# Car hits Train,



## vsmith (Jan 2, 2008)

This could be the stupidest person on the face of the planet...not only does he complety miss the big rolling thingy crossing the road and plows right into it, but he's also driving on the wrong side of that painted line in the middle of the raodway. Wouldnt you have *loved* to hear the driver try to explain this one? Fail[/b].


----------



## Ray Dunakin (Jan 6, 2008)

Sheesh. Good thing this moron only hit a slow moving train, and didn't run over a kid or plow head-on into another car or something.


----------



## Les (Feb 11, 2008)

Alcohol induces serenity....


----------



## bull (Jan 28, 2008)

DUMBA$S people. It takes all kinds!!! Oh was that a train I thought I was hallucinating. Good damn DRUGS.  Maybe I shouldn't of had that last 6 pack. [script removed]


----------



## Totalwrecker (Feb 26, 2009)

It's possible the old clunker's brakes had failed, the driver did pick the lowest angle to strike the train.... head on might have hurt a passenger.


----------



## Cougar Rock Rail (Jan 2, 2008)

I think he passed through the construction site on his left, then was looking back in his driver door side mirror which is why he was drifting left, and then when he finally looked up it was too late--he made no attempt at steering or braking.....could have been worse though.... 

Keith


----------



## Semper Vaporo (Jan 2, 2008)

Note that the car turned in the street against the direction the train was moving. ???

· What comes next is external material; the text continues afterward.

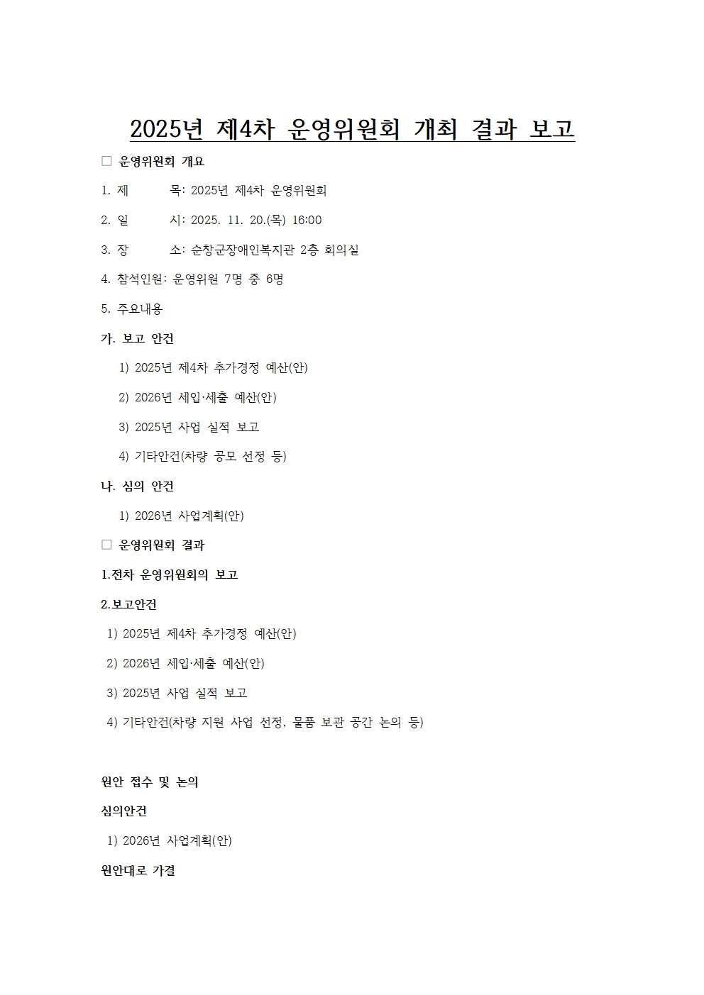 2025년 4차 운영위원회 결과를 다음과 같이 안내합니다.

The driver either did turn the wheel at the very last split second or the front of the car struck the trailing edge of a leading truck on the RR Car and was deflected back because of that.


----------



## xo18thfa (Jan 2, 2008)

Talking on the cell phone, blue tooth fell on the floor, texting (or sexting), trying to choke the kid strapped in the car seat, putting on make up, fiddling with the CD, can't drive a stick. All of the above


----------



## farmerted (Jan 2, 2008)

There were a couple of pics added to Railpictures.net about this incident. (See http://www.railpictures.net/viewphoto.php?id=288358) Per the photographer, the official statement from the railway is as follows: 

"An automobile/train collision occurred on the New Hope Valley Railway shortly before 4:00PM on Sunday, June 7th at the Daisey St. grade crossing in Bonsal, NC. Steam Locomotive 17 was in charge of the train. The Apex Fire Department responded within four minutes, followed by Apex EMS, the North Carolina Highway Patrol and the Wake County Sheriff’s Department. No one was injured in the incident. All passengers detrained in an orderly manner and were interviewed by Apex EMS and the North Carolina Highway Patrol. The driver of the car was also interviewed by Apex EMS and the North Carolina Highway Patrol. He was released on scene shortly after the incident. The New Hope Valley Railway wishes to ask the railroad preservation and rail fan communities to respect the privacy of all involved in the incident. The New Hope Valley Railway has no knowledge of and will not speculate on the driver of the car or his condition other than what has been released in this statement and what has already been reported in the media. The North Carolina Highway Patrol’s investigation is currently ongoing. Damage to railroad property was minimal. The New Hope Valley Railway maintains a strong relationship with law enforcement and first responders in the community. The railway hosted an emergency training ‘mass casualty’ drill in cooperation with local first responders and law enforcement in the fall of 2008. The drill not only prepared our railroad volunteers for how to react to an emergency situation but also familiarized first responders with our excursion train so they may better react to incidents such as this one." 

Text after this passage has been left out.